If we need to predict the upcoming word/ sequence (w4),

P(w4|w1,w2,w3..)

Here, we need to calculate the probability of number of words; which can be represented
as joint probability and by using `Chain Rule`

.

Conditional probability can be written as:

P(B | A) = P(A,B) / P(A)

=> P(A,B) = P (B | A) * P(A)

If we include more variables:

P(A,B,C,D,E) = = P(A) P(B|A) P(C|A,B) P(D|A,B,C) P(E|A,B,C,D)

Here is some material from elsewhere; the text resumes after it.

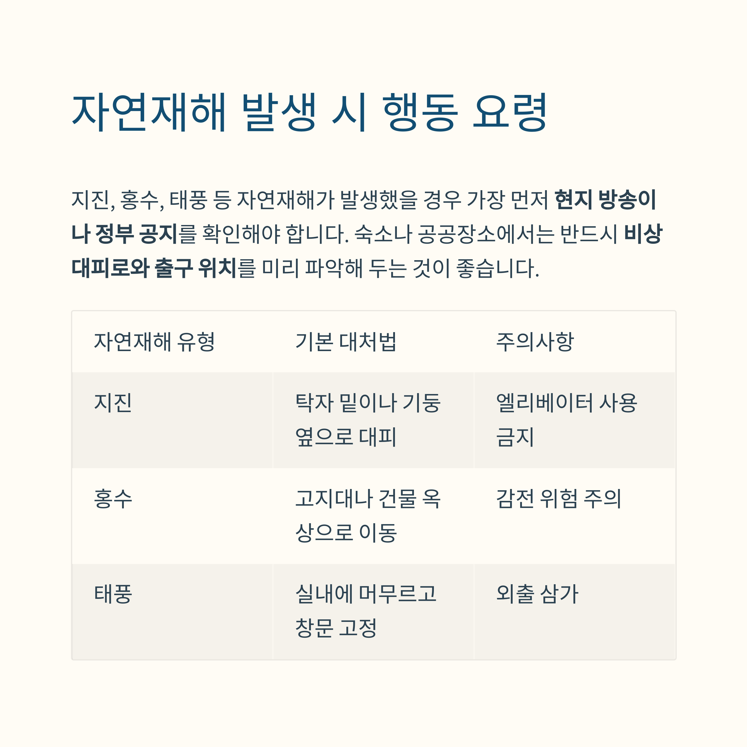 | 태풍 | 실내에 머무르고 창문 고정 | 외출 삼가 |
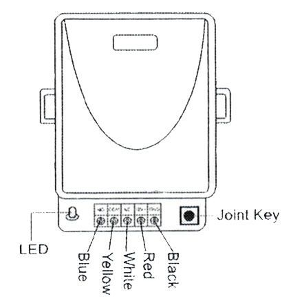 Joint Key - krátkým stlačením tlačítka stlačením klíče se přidá ovladač a LED zabliká - delším stlačením tlačítka se ovladač smaže. Popis konektoru: Black - zem napájení Red - napájení +12VDC White - NC výstup relé, v klidu sepnuto Yellow - COM Blue - NO výstup relé, v klidu rozepnuto |

Therefore, we use `Chain Rule`

to compute join probability for the words in a sentence.

#### Example¶

Let us take a sentence : "I like green salad"

P( I like green salad ) = P (I) P( like | I) P( green|I like) P( salad|I like green)

So, we can estimate the probability by using simple counting method as follows:

```
P (I) = count('I') / total # of words
P(like | I ) = count ('I like') / count('I')
P(green | I like) = count('I like green') / count ('I like')
P(salad | I like green) = count('I like green salad') / count('I like green')
```

But the problem here is that we do not have large corpus to address this kind of estimate.

#### Bigram Model¶

In order to solve the above problem, we take an approximation; i.e the probability of next word depends only on last word (Markov Assumption)

i.e P( I like green salad ) = P (I) P( like | I) P( green| like) P( salad|green)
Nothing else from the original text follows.